## DATA FOR PROCESSING

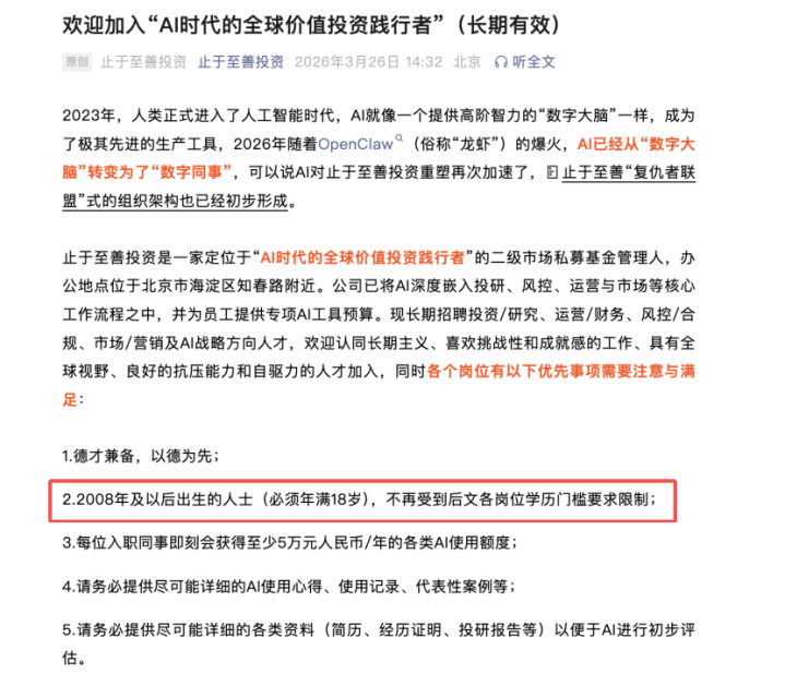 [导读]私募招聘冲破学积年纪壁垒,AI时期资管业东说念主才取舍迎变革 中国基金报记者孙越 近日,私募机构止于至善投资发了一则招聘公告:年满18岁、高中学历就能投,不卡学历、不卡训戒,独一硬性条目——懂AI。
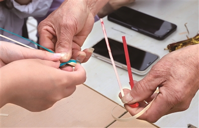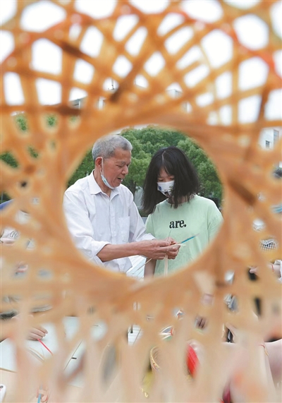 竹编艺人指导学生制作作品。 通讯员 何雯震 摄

...

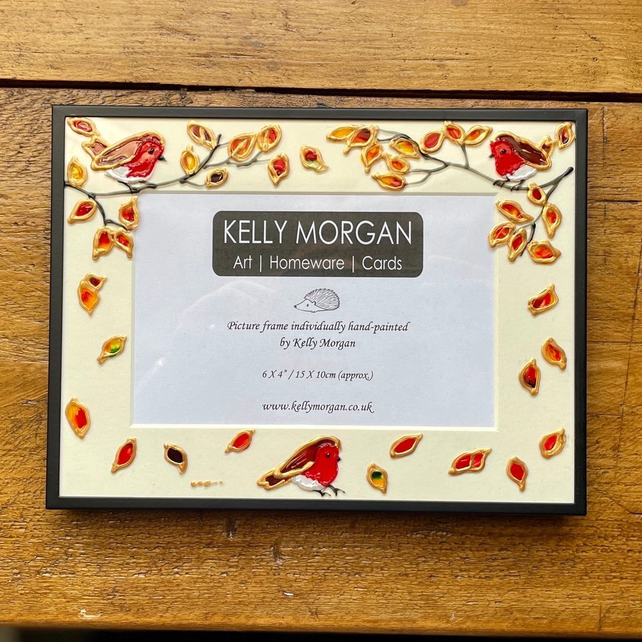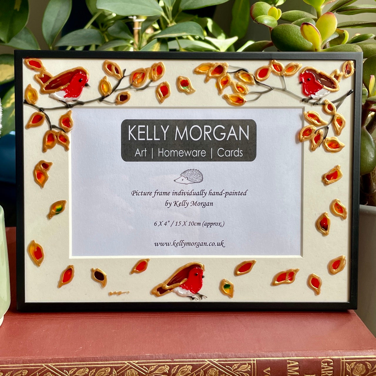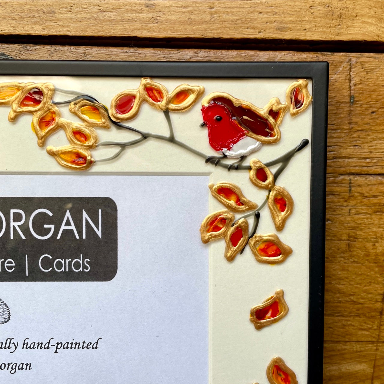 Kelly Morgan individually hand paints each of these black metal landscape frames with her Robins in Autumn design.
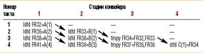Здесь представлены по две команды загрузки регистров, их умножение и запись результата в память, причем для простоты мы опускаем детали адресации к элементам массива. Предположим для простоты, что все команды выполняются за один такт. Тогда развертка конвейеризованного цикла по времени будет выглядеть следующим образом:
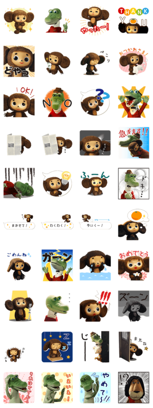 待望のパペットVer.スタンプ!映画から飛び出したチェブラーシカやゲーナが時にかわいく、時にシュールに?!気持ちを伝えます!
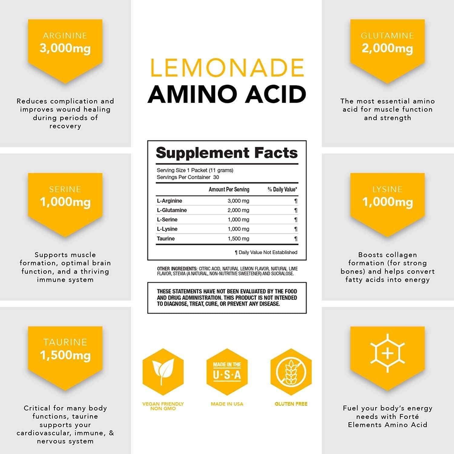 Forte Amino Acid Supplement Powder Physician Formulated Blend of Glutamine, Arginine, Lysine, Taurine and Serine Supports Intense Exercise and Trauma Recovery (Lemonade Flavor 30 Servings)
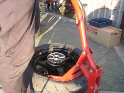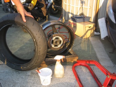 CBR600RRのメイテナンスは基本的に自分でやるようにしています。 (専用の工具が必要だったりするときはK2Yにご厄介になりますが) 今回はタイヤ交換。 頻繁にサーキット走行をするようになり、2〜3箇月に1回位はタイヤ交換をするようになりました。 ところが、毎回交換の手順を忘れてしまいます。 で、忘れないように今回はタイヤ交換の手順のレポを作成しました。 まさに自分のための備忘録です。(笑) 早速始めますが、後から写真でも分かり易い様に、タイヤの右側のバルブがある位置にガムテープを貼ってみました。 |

==

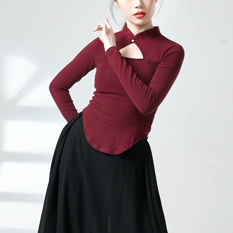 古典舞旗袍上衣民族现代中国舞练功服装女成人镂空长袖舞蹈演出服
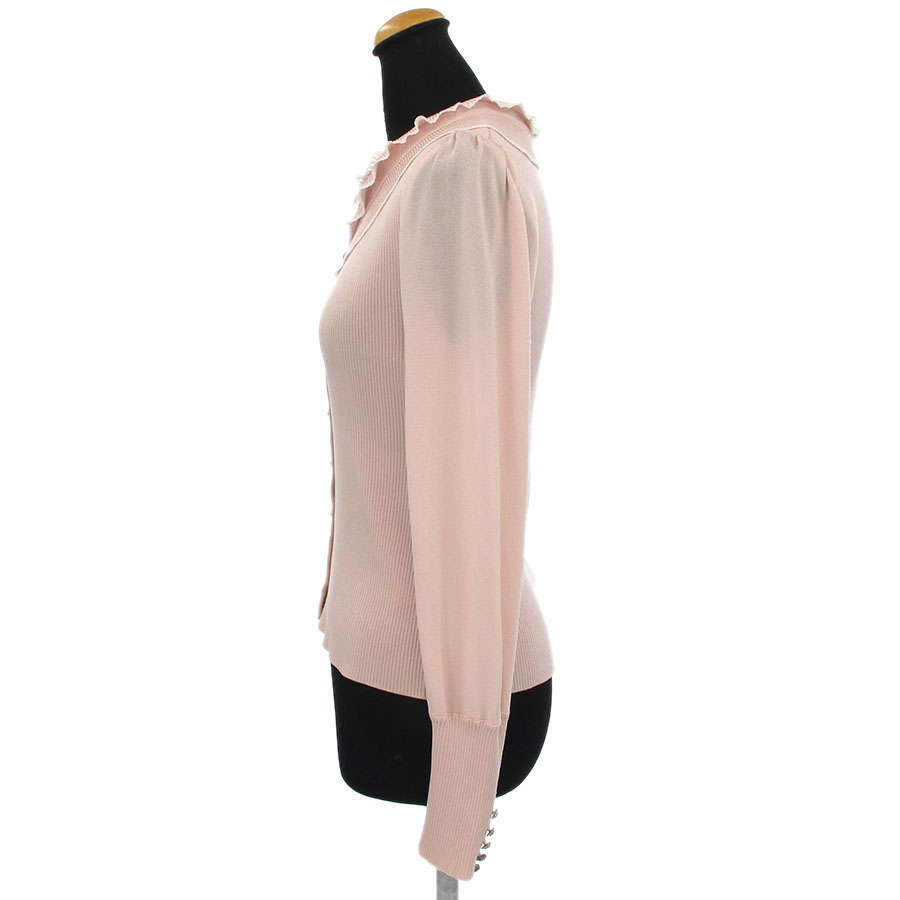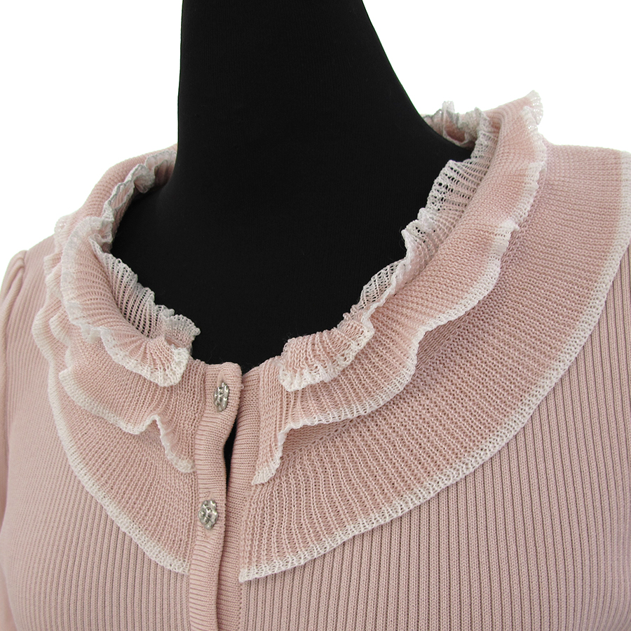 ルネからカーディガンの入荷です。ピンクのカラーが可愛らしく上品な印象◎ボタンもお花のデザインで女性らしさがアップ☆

## ACTIVITY
Starting with the line that has "Kelly Morgan individually" and going on through the line that has "Forte Amino Acid", transcribe the records above exactly, but skip the pictures.

## SOLUTION TO THIS PROBLEM
 Kelly Morgan individually hand paints each of these black metal landscape frames with her Robins in Autumn design.
Здесь представлены по две команды загрузки регистров, их умножение и запись результата в память, причем для простоты мы опускаем детали адресации к элементам массива. Предположим для простоты, что все команды выполняются за один такт. Тогда развертка конвейеризованного цикла по времени будет выглядеть следующим образом:
 待望のパペットVer.スタンプ!映画から飛び出したチェブラーシカやゲーナが時にかわいく、時にシュールに?!気持ちを伝えます!
 Forte Amino Acid Supplement Powder Physician Formulated Blend of Glutamine, Arginine, Lysine, Taurine and Serine Supports Intense Exercise and Trauma Recovery (Lemonade Flavor 30 Servings)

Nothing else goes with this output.